• Data supplied
· · · ·
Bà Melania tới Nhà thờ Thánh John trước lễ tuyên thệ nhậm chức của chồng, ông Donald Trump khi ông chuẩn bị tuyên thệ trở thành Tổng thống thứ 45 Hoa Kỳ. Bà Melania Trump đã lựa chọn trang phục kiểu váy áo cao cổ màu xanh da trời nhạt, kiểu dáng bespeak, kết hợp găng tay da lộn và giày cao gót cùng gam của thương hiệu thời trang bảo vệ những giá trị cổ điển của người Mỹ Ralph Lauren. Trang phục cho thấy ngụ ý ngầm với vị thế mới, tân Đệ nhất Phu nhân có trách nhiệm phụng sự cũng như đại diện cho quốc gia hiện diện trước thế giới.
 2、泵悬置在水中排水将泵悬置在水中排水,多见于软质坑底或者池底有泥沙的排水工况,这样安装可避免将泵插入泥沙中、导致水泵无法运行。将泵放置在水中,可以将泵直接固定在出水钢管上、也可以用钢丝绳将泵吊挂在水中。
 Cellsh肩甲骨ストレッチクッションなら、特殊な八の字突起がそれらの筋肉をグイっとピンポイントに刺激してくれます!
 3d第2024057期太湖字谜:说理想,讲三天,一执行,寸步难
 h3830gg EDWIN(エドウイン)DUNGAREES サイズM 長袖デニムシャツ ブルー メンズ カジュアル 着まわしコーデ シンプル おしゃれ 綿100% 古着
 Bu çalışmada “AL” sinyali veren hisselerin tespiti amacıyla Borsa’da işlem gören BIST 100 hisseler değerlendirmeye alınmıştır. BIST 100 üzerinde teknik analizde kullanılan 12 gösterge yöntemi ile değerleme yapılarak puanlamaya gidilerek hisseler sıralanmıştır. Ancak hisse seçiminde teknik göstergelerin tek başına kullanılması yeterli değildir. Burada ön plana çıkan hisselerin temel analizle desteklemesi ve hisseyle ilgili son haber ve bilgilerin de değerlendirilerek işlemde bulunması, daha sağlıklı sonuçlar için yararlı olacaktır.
· · · ·
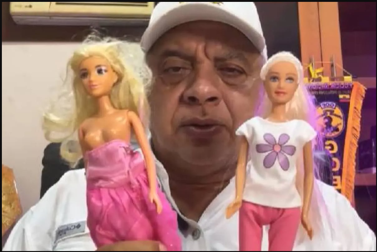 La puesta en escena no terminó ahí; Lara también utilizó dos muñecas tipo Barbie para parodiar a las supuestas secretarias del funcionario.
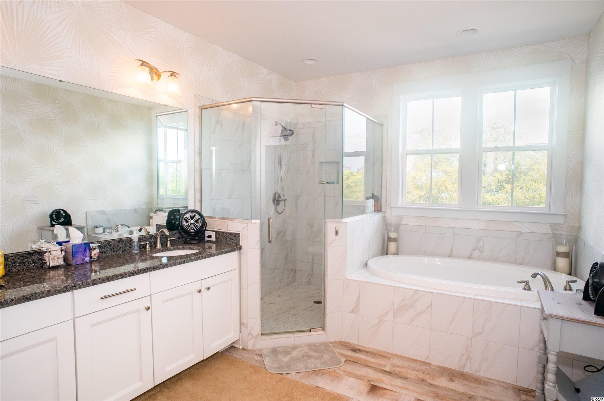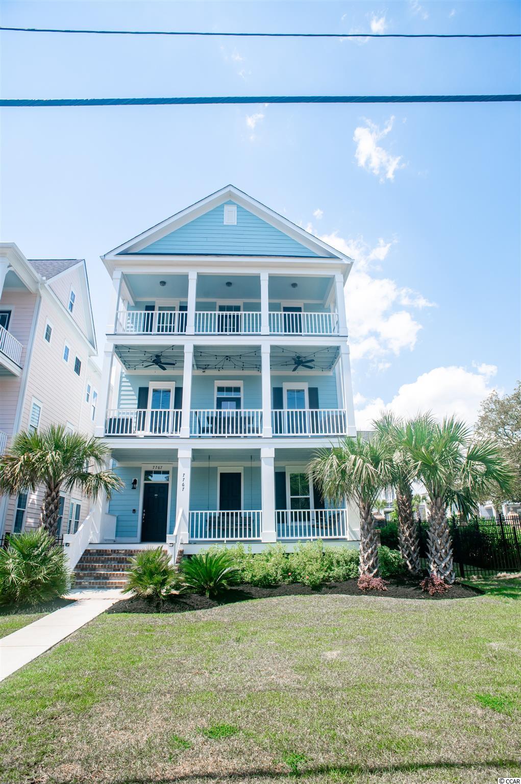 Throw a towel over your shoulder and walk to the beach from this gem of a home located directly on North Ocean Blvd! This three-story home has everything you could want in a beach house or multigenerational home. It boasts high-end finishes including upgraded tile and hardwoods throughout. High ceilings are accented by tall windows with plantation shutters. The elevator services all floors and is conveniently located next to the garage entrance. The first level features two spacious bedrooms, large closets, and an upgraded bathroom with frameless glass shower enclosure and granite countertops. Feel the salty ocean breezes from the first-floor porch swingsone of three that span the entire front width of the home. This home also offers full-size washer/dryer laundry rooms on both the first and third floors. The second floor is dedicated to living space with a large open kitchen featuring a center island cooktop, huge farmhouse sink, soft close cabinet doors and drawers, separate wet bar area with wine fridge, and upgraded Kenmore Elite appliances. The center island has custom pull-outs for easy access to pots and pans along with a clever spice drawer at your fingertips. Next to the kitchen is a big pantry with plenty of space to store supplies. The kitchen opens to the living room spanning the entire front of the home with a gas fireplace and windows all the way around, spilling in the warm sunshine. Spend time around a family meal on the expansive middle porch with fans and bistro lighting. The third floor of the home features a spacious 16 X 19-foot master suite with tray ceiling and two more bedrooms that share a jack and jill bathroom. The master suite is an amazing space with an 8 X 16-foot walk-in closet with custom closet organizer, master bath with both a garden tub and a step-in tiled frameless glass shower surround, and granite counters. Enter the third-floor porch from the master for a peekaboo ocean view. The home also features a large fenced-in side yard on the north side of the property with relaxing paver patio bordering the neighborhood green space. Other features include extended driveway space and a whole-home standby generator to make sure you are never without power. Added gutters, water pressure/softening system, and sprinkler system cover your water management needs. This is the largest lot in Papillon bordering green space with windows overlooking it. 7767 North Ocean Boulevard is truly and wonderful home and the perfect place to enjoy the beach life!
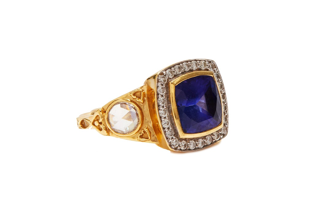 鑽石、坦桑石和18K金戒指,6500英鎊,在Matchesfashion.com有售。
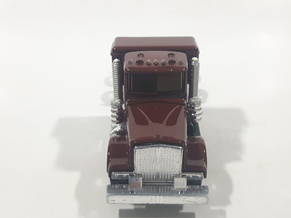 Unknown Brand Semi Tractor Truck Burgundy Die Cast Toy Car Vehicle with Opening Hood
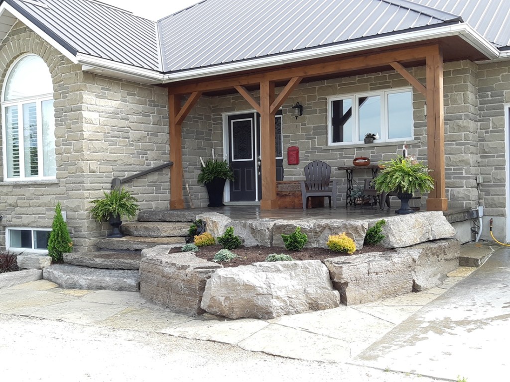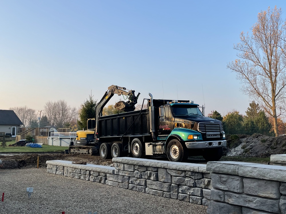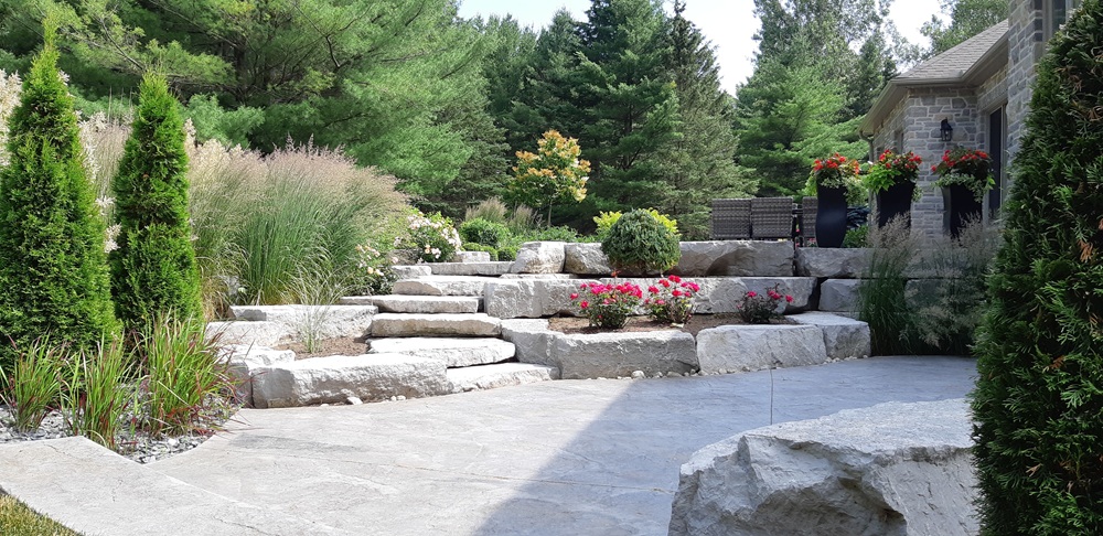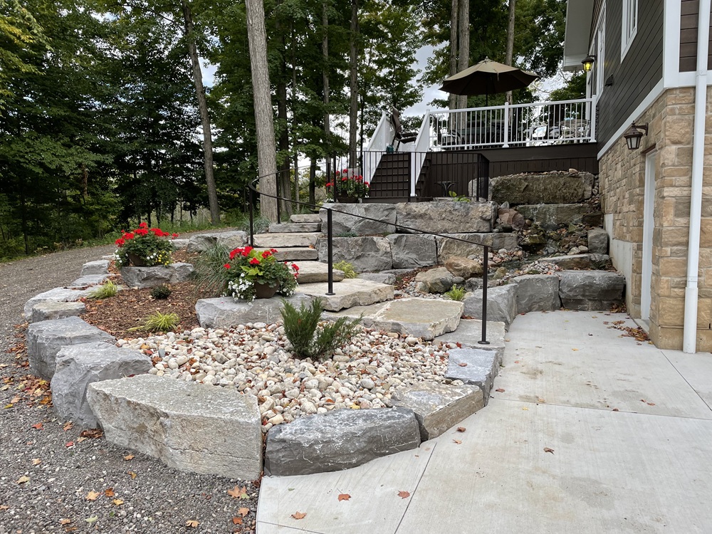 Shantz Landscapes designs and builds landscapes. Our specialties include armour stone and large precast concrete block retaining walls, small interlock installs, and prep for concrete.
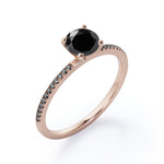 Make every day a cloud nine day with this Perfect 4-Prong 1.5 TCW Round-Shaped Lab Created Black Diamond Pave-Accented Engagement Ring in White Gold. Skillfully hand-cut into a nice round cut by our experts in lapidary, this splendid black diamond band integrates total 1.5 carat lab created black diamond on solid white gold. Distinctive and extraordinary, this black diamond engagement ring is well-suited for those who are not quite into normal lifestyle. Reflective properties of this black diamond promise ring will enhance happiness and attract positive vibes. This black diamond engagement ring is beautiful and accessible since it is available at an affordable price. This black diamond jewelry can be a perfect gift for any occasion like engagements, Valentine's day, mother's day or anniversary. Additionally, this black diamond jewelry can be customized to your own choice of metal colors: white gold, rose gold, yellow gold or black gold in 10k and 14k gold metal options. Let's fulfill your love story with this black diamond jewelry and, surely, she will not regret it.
· · · ·
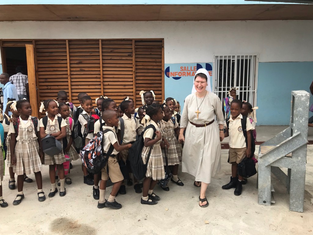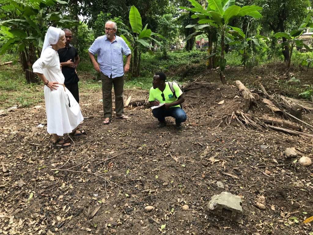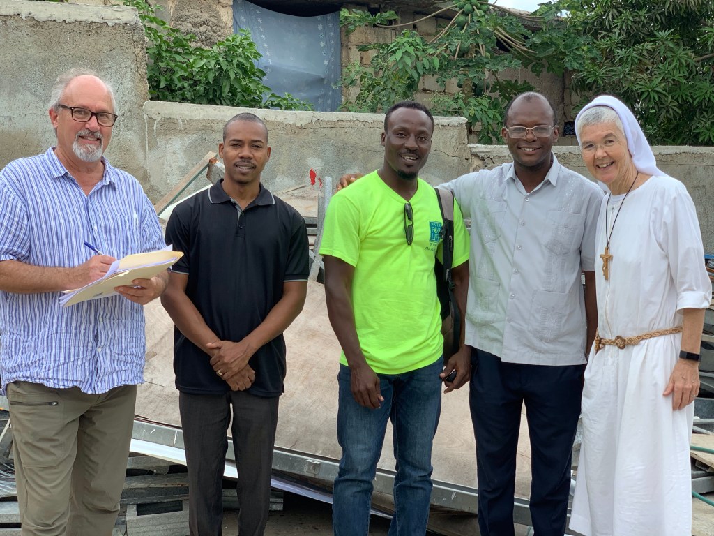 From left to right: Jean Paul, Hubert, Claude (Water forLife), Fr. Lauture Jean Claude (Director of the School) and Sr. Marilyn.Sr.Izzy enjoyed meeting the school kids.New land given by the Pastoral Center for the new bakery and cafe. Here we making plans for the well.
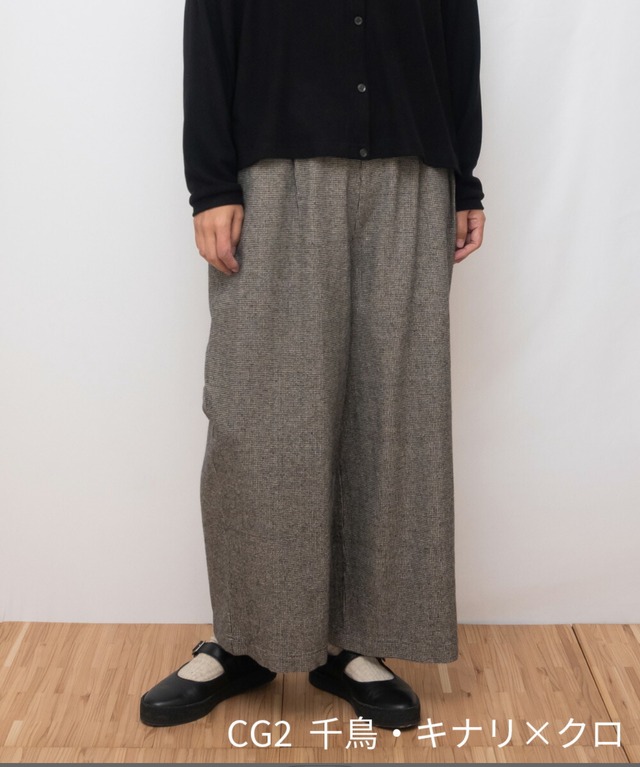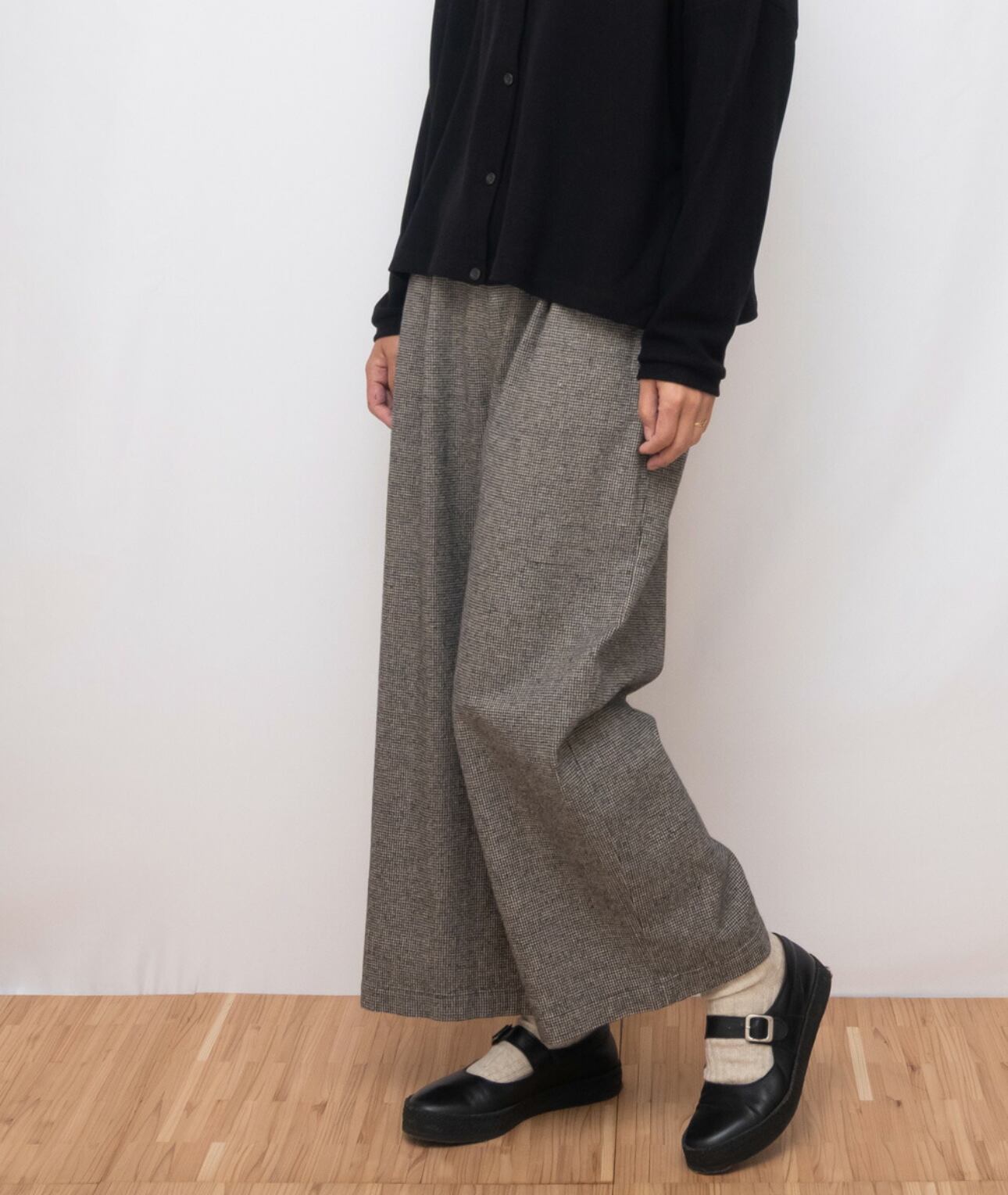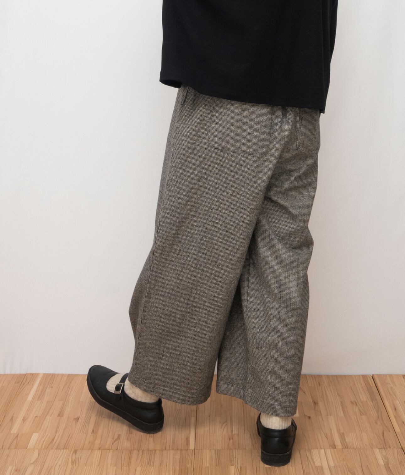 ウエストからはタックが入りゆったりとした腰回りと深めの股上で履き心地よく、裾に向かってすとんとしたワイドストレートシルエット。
· · · ·
• Description of the task
Starting at the line that has "3d第2024057期太湖字谜:说理想,讲三天,一执行,寸步难" in the records above, restate word for word every line until the one that has "h3830gg EDWIN(エドウイン)DUNGAREES サイズM", and include that one as well.

• Exercise answer
 3d第2024057期太湖字谜:说理想,讲三天,一执行,寸步难
 h3830gg EDWIN(エドウイン)DUNGAREES サイズM 長袖デニムシャツ ブルー メンズ カジュアル 着まわしコーデ シンプル おしゃれ 綿100% 古着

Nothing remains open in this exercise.